17 N.E. 228, 109 N.Y. 600, 16 N.Y. St. Rep. 380, 64 Sickels 600, 1888 N.Y. LEXIS 764
CourtNew York Court of Appeals
DecidedJune 5, 1888
StatusPublished
Cited by12 cases

This text of 17 N.E. 228 (Meyer v. . Blair) is published on Counsel Stack Legal Research, covering New York Court of Appeals primary law. Counsel Stack provides free access to over 12 million legal documents including statutes, case law, regulations, and constitutions.

Bluebook
Meyer v. . Blair, 17 N.E. 228, 109 N.Y. 600, 16 N.Y. St. Rep. 380, 64 Sickels 600, 1888 N.Y. LEXIS 764 (N.Y. 1888).

Opinion

Andrews, J.

The defense set up by the defendants to escape from the plain obligation assumed by them under the agreement of April 4, 1873, is founded upon no equity in their favor, and if allowed to prevail, will defeat a contract which, on its face, was perfectly legal and valid.
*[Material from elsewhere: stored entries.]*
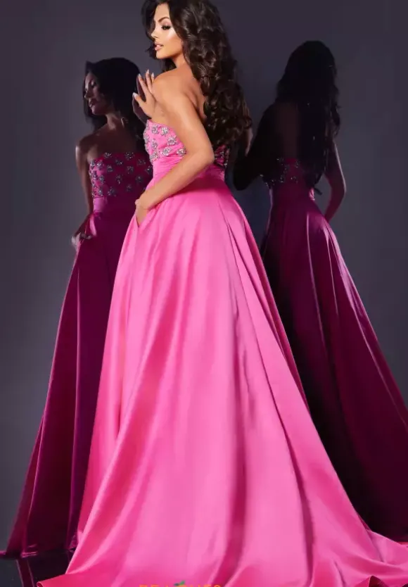 Dance the night away when wearing this long a- line dress by Jovani, style 43822. Showcasing a strapless neckline that leads to a back zipper closure. The silhouette of this bodice will hug your waist gorgeously. Adorned with beadwork appliques throughout the top. Featuring a satin bottom that’s going to make you look like a princess. To amp up the drama it has a classy high thigh slit and a gorgeous train.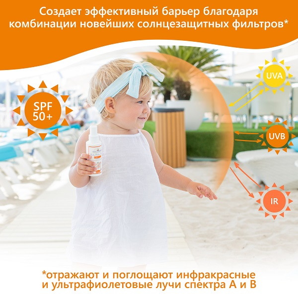Молочко-спрей SPF 50+, благодаря инновационной системе фильтрации, эффективно защищает самую чувствительную кожу, даже новорожденных детей.
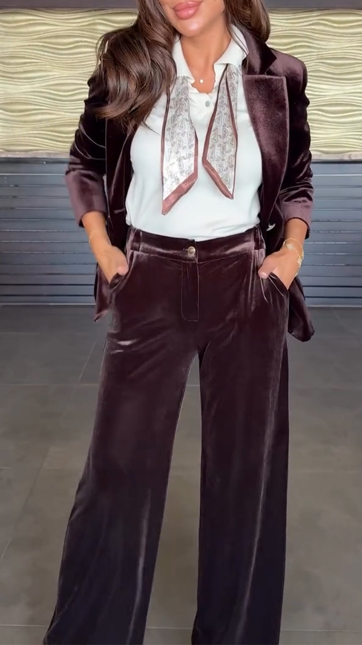 Women Round Neck Hot Diamond Flash Solid Color Casual Suit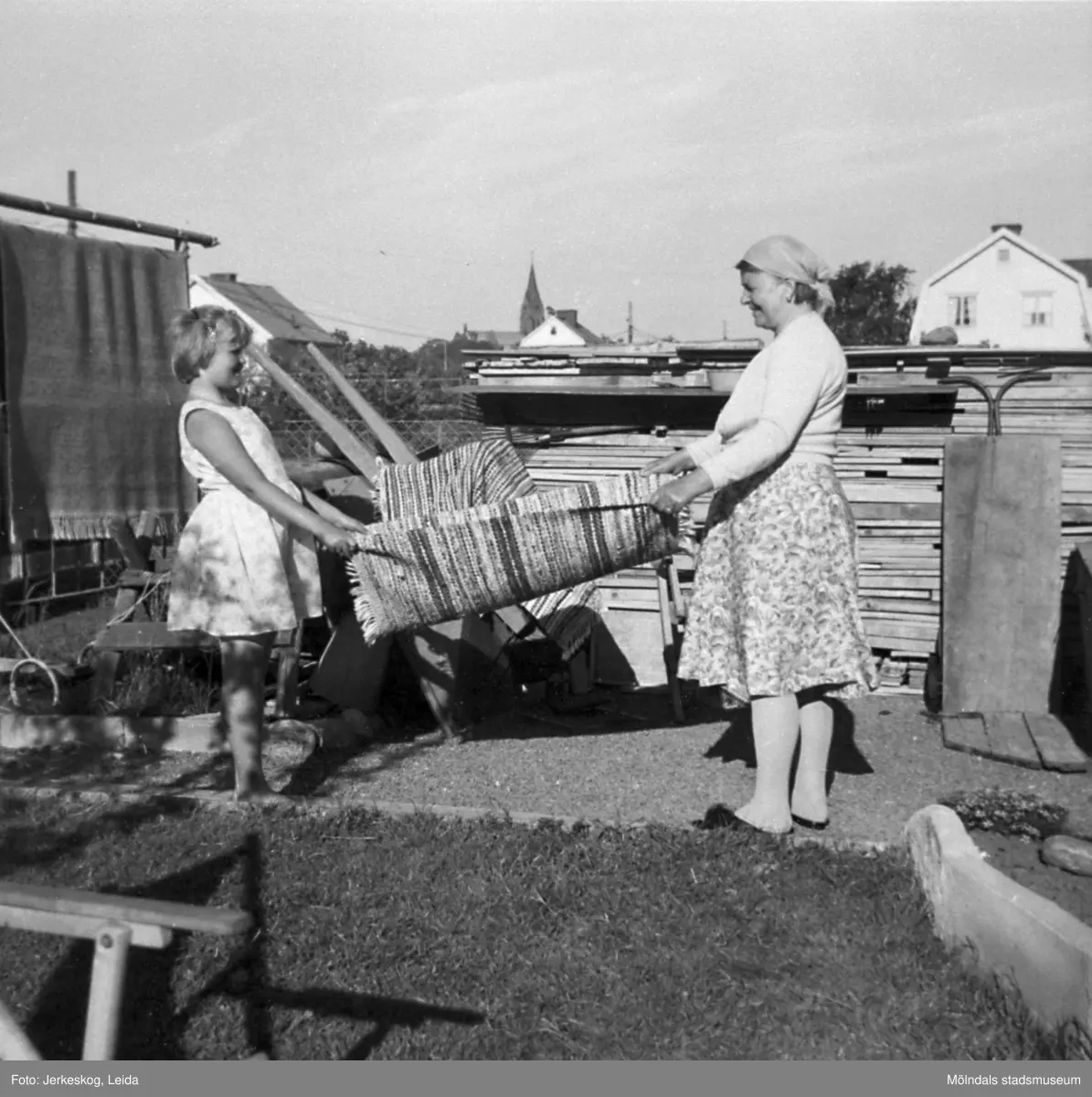 Marita Jerkeskog och Fedosja Teuhtonen skakar en matta, Idunagatan 39, 1960.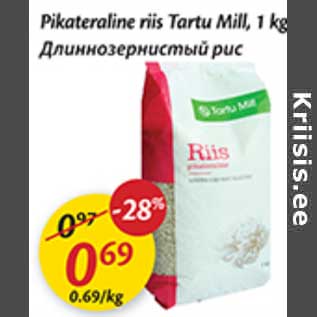 Период кампании: 18.06.2013 - 24.06.2013 Цена: 0.69€ Длиннозернистый рис1 kg Pikateraline riis Tartu Mill,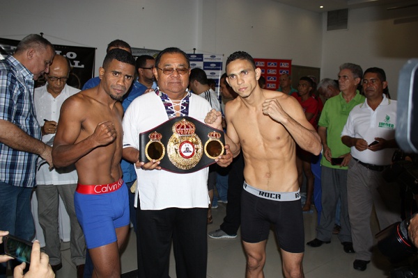 La corona WBA Fedebol del peso súper gallo será a 9 asaltos, entre José “El General” San Martín de Colombia, quien pesó 54 kilos 200 gramos, y el venezolano Franklin Manzanilla hizo 55 kilos exactos.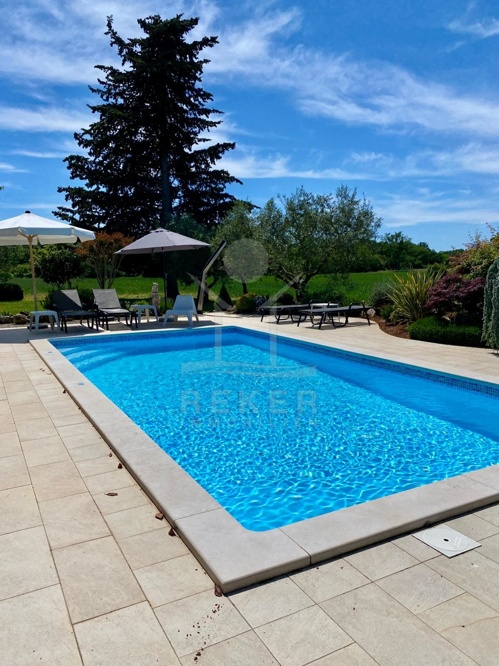 Genießen Sie direkt an der Villa einen mediterranen Garten mit Oliven-, Zitronen- und Feigenbäumen sowie mediterranen Kräutern, welche den ca. 32 m² großen und sonnigen Pool harmonisch umfassen. Auch an eine gepflasterte Liegewiese für mehrere Liegestühle zum Sonnenbaden ist gedacht. Eine großzügige und teils überdachte Terrasse lädt zum Verweilen ein. 2 Etagen mit 5 Zimmern & Bädern. Erbaut im landestypischem Stil mit Bruchstein und schönen Fensterläden.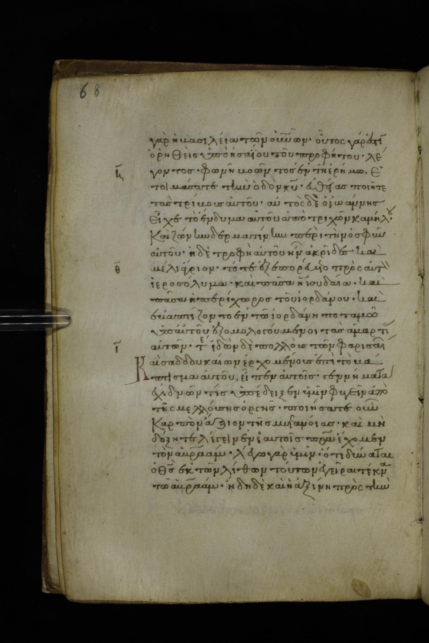 Fourteenth century minuscule of the Gospels on parchment; 282 leaves, 1 column, 22-23 lines per column. Images were taken at the National Library of Greece in Athens.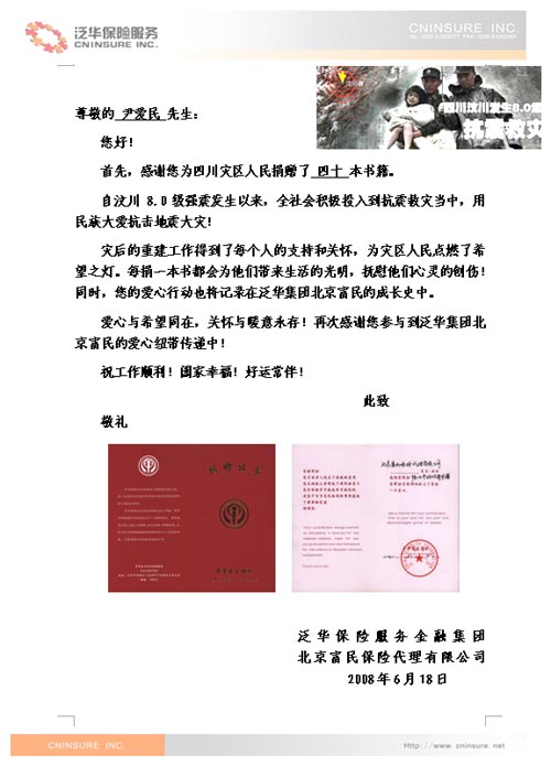 5.12汶川大地震后,泛华保险服务集团旗下北京富民保险代理有限公司全体员工积极响应,组织并参与了各种形式的捐赠活动。除开展向灾区捐款活动外,为抚慰灾区儿童的心灵,北京富民已通过中华慈善总会,捐赠价值过万元的各类图书总计639册,用于灾区儿童心理救助和中小学阅览室的灾后重建。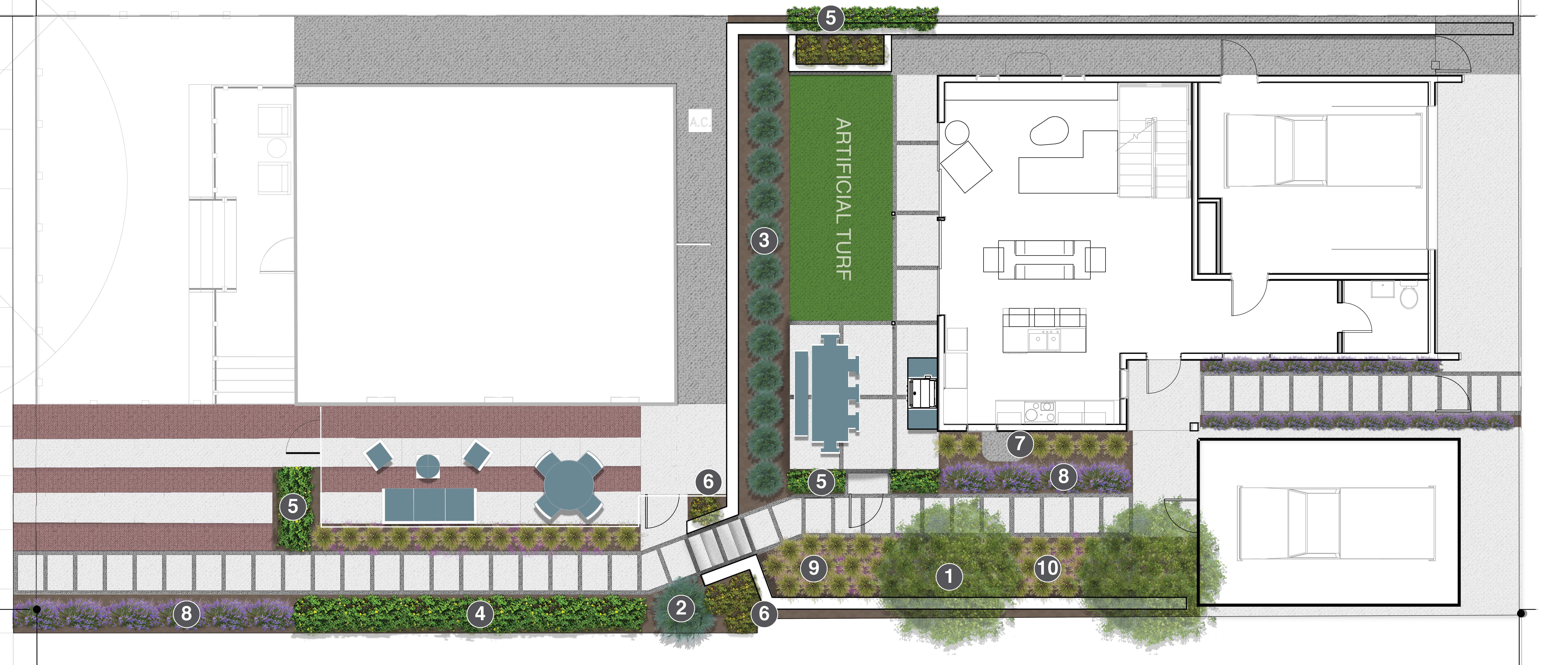 Tandem House was conceived to be a sustainable home that is achieved in every respect from using SIP panels, solar panels, and an efficient HVAC system (among numerous other things). The house will be LEED-certified (we should have the certificate any day now) and the landscape is a major component to receiving the necessary points required for the certificate.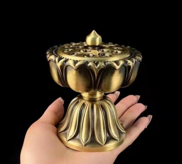 極上品◆純銅宝蓮灯薫香炉高脚蓮蓬香檀香炉家庭用室内香炉置物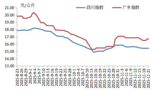 本周,广东地区猪肉周均价为每公斤16.58元,环比下跌1.7%,同比下跌26.7%,较上周跌幅收窄0.5个百分点。周前期规模养殖场出栏量正常,猪肉订单无明显增加,供需僵持,价格稳定在上周末低位;周后期随着气温下降,猪肉订单量小幅增加,支撑猪肉价格微涨,但涨幅有限。总体看,本周广东地区猪肉周均价环比小幅下跌。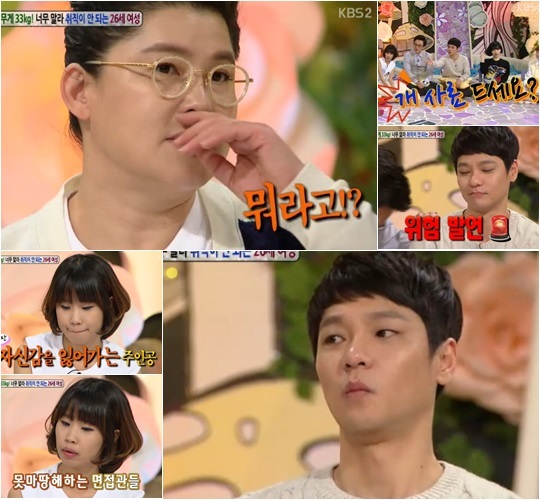 고민녀는 살이 찌기 위해 개사료를 먹어봤다고 말했다. 고민녀는 개사료를 먹으면 살이 찐다는 소문을 들었기 때문. 고민녀는 마른 자신의 몸 때문에 모르는 남자에게는 "때리면 부러질 것 같다. 때려볼까"라는 말을 듣거나, "뼈다귀"라는 놀림을 수도 없이 받아 자신감이 떨어졌다고 말했다.

H or is it claimed that the contract is void for fraud, mistake or want of consideration as between the parties. The defendants fully understood the-contract into which they entered; they, in fact, tendered it to the plaintiff as an inducement to him to become a subscriber to the stock of the Blair Iron and Steel Company, and as between the parties, and considering their relations only, there can be no doubt that the plaintiff is entitled to enforce it. But the defendants assert that, by reason of extrinsic facts, the contract was tainted with illegality, and they invoke for their defense the settled principle of public policy frequently acted upon and applied, that “ no court will lend its aid to a man who founds his cause of action upon a fraudulent or illegal act.” (Lord Mansfield in Holman v. Johnson, Cowp. R. 341, 343.)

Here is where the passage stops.